The same increasing privacy restrictions have fundamentally changed the state of measurement.. Marketers are struggling to eke out more insights from ever-decreasing sources of data. At Branch we’ve been busy developing new, sophisticated products to help increase measurement signal in a privacy-centric manner.
Early testing on this new technology shows very positive results – over 18% increase in attributed installs on IOS – but while it will help you win back some of the loss in measurement, the tech won’t tell you the entire story. Because you can never track individual users, a multi-touch advertising model can’t be done.

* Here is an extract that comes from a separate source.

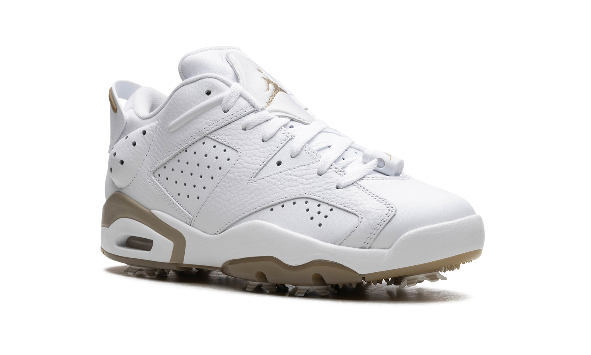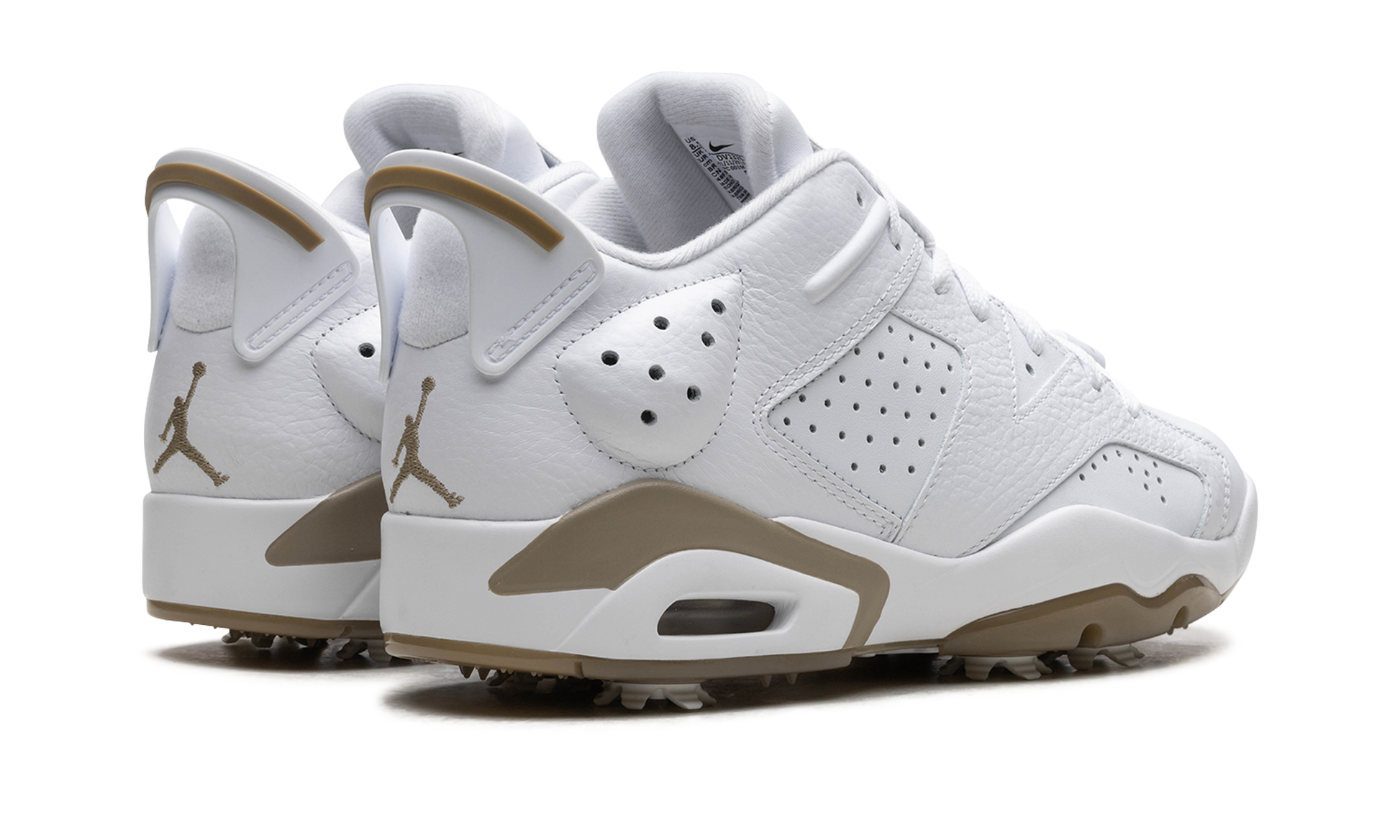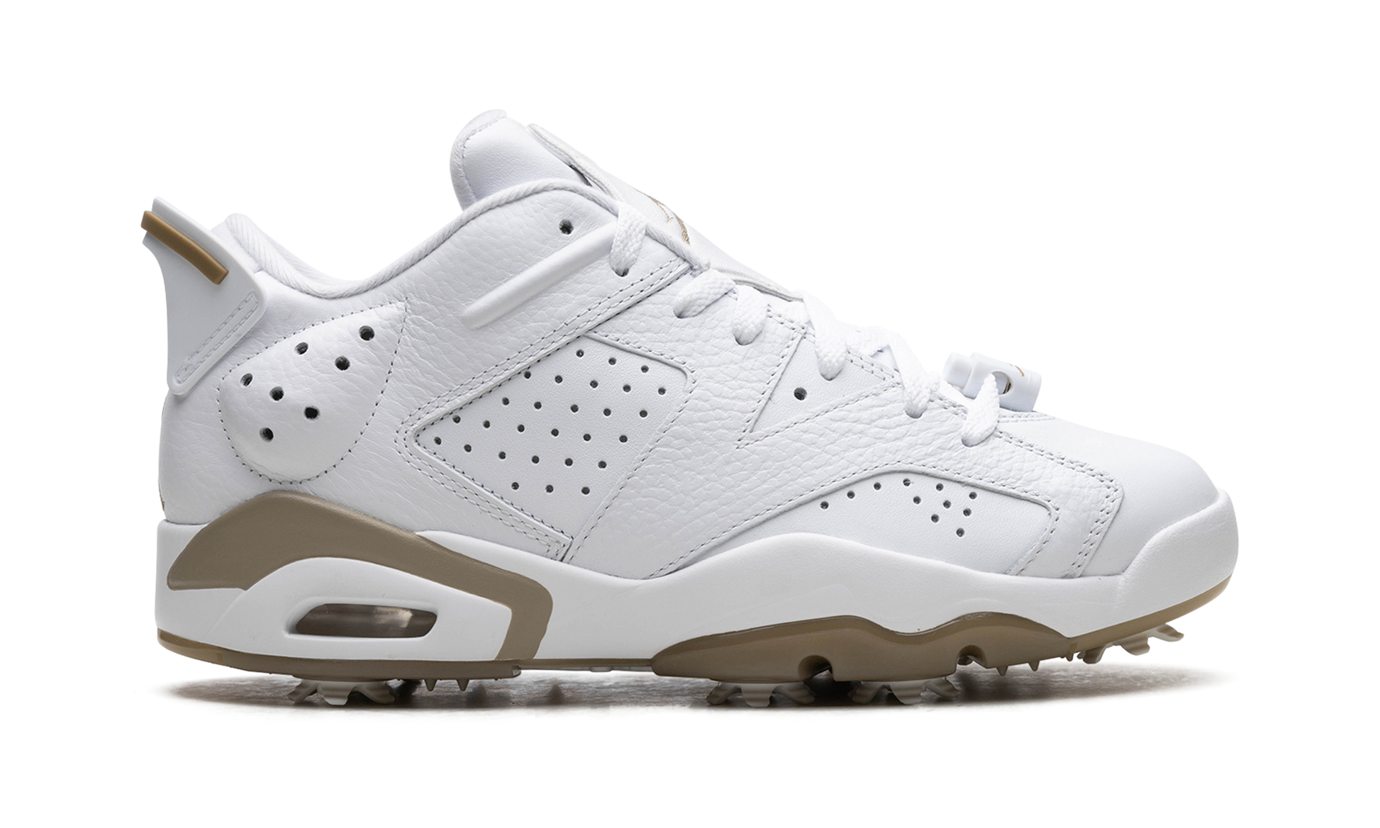 The Air Jordan 6 Low Golf "White/Khaki" is the golf version of the retro basketball shoe in a summer-ready colorway. The Jordan 6 Low Golf is one of multiple Air Jordans that have been redesigned by Jordan Brand for the fairway. Here. the colorway features a white leather construction with perforations on either side. A Khaki Jumpman is embroidered on the tongue and heel. Additional Khaki accenting can be found on the spoiler on the heel and on the midsole walls. Underfoot. the treaded outsole provides traction on a golf course. Release date: July 25. 2023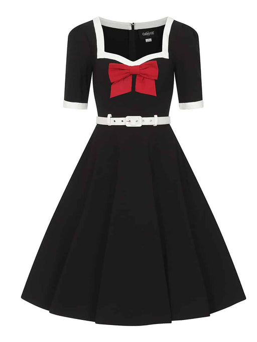 PREIS HALBIERT! Weit schwingendes schwarzes Retrokleid weiss umrundeter Ausschnitt und Ärmelenden rote abnehmbare Schleife schmaler weisser Gürtel...

So while the most sophisticated tools will reenable you to choose between last-touch and first-touch install attribution, you’re still left wondering the incremental impact of your advertising dollars.
This is one of the primary reasons Meta has introduced a new incrementality-focused optimization model. General consensus is a consumer needs over eight touches to consider a product and in today's world where users are engaging with brands via CTV, web, mobile, and social channels, measuring the true impact of marketing is getting harder, not easier. Technology may be closing the gap on privacy-centric ad performance and reporting, but measuring cross-channel touchpoint and incremental impact is the next big frontier.